## MATERIAL PROVIDED:
BEGIN
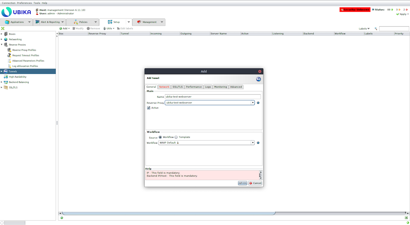 Erstellen Sie einen Reverse Proxy (Setup -> Reverse Proxy -> Add) auf einem der von Ubika verwalteten Boxen:
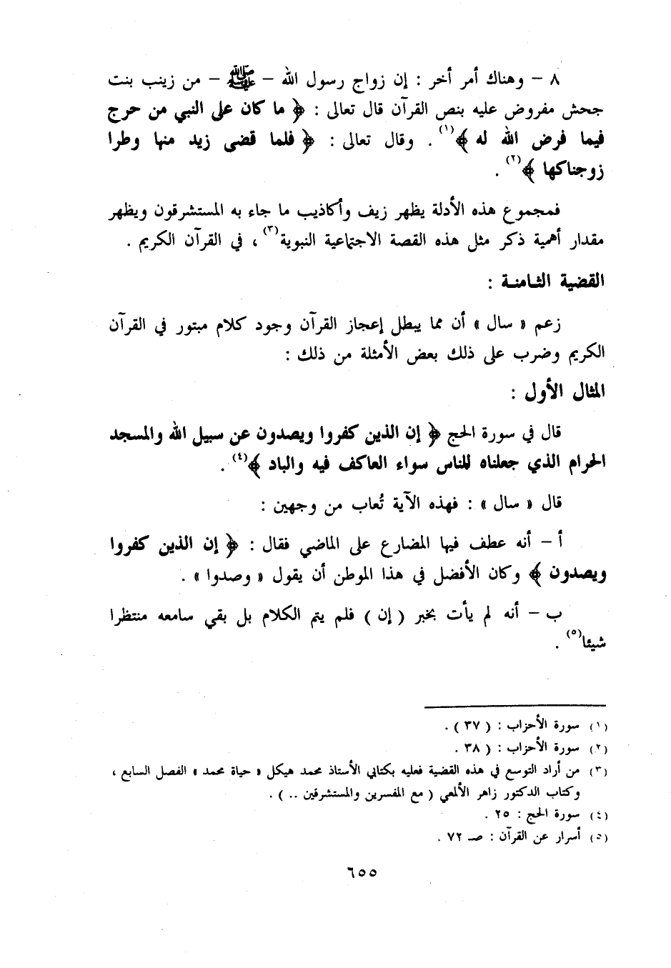(3) من أراد التوسع في هذه القضية فعليه بكتابي الأستاذ محمد هيكل «حياة محمد» الفصل السابع، وكتاب الدكتور زاهر الألمعي (مع المفسرين والمستشرقين .. ).
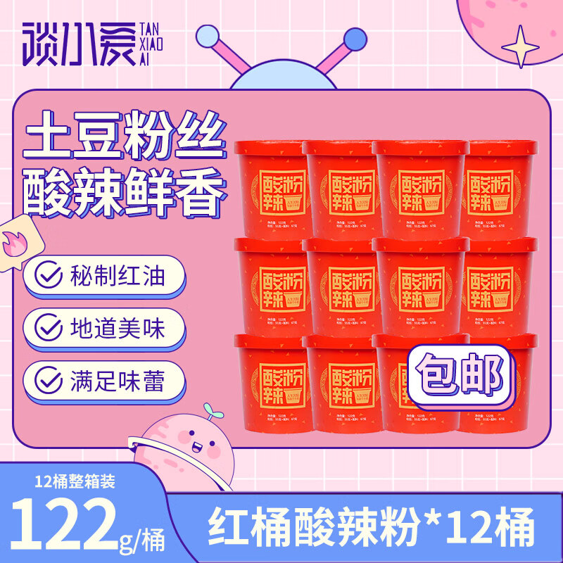 谈小爱(TANXIAOAI)红桶酸辣粉土豆粉丝122g*12桶整箱 非油炸方便面速食粉丝夜宵
END
Leaving every picture out, output the data exactly as it stands.

## RESULT:
 Erstellen Sie einen Reverse Proxy (Setup -> Reverse Proxy -> Add) auf einem der von Ubika verwalteten Boxen:
(3) من أراد التوسع في هذه القضية فعليه بكتابي الأستاذ محمد هيكل «حياة محمد» الفصل السابع، وكتاب الدكتور زاهر الألمعي (مع المفسرين والمستشرقين .. ).
 谈小爱(TANXIAOAI)红桶酸辣粉土豆粉丝122g*12桶整箱 非油炸方便面速食粉丝夜宵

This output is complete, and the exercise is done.